Итак, на фигуре, содержащей все круги, на которых ничего не стерто, нарисуйте горизонтальную линию в каждой позиции, которая является либо вершиной круга, либо основанием круга, либо пересечением двух кругов. Обратите внимание, что внутри этих полос все области, которые необходимо вычислить, выглядят одинаково: «трапеция» с двумя сторонами, замененными круговыми сегментами. Поэтому, если вы можете придумать, как рассчитать такую форму, вы просто сделаете это для всех отдельных фигур и сложите их вместе. Сложность этого наивного подхода составляет O (N ^ 3), где N - количество кружков на рисунке. С помощью некоторой умной структуры данных вы могли бы улучшить этот метод строчной развертки до O (N ^ 2 * log (N)), но, если вам это действительно не нужно, это, вероятно, не стоит проблем.
источник
Я нашел эту ссылку, которая может быть полезна. Хотя, похоже, нет однозначного ответа. Google отвечает . Еще одна ссылка на три круга - это теорема Харуки . Там же есть бумага.
источник
В зависимости от того, какую проблему вы пытаетесь решить, может быть достаточно получить верхнюю и нижнюю границу. Верхняя граница проста, просто сумма всех кругов. Для нижней границы вы можете выбрать один радиус, чтобы ни один из кругов не перекрывался. Чтобы лучше найти самый большой радиус (вплоть до фактического) для каждого круга, чтобы он не перекрывался. Также должно быть довольно тривиально удалить любые полностью перекрывающиеся круги (все такие круги удовлетворяют | P_a - P_b | <= r_a), где P_a - центр круга A, P_b - центр круга B, а r_a - радиус A ), что улучшает как верхнюю, так и нижнюю границу. Вы также можете получить лучшую верхнюю границу, если будете использовать формулу пар для произвольных пар, а не просто сумму всех кругов. Может быть хороший способ выбрать "лучшее"
Учитывая верхнюю и нижнюю границы, вы могли бы лучше настроить подход Монте-Карло, но в голову не приходит ничего конкретного.
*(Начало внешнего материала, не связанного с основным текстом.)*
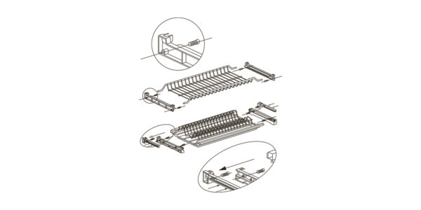 Возможность установки в шкафы как с дном, так и без дна благодаря прочному поддону в нижнем ярусе посудосушителя.
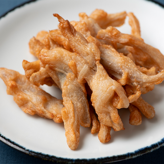 普通のいかげそ揚げと異なり、いかげそを、から揚げ粉を混ぜたすり身で揚げています。いかのうまみをぎゅっと閉じ込め、七味唐辛子を加えることでピリ辛な味わいになっています。

Другой вариант (опять же в зависимости от вашего приложения) - растрировать круги и подсчитать пиксели. По сути, это подход Монте-Карло с фиксированным распределением.
источник
Это можно решить с помощью теоремы Грина со сложностью n ^ 2log (n). Если вы не знакомы с теоремой Грина и хотите узнать больше, вот видео и заметки из Академии Хана. Но для нашей проблемы, думаю, моего описания будет достаточно.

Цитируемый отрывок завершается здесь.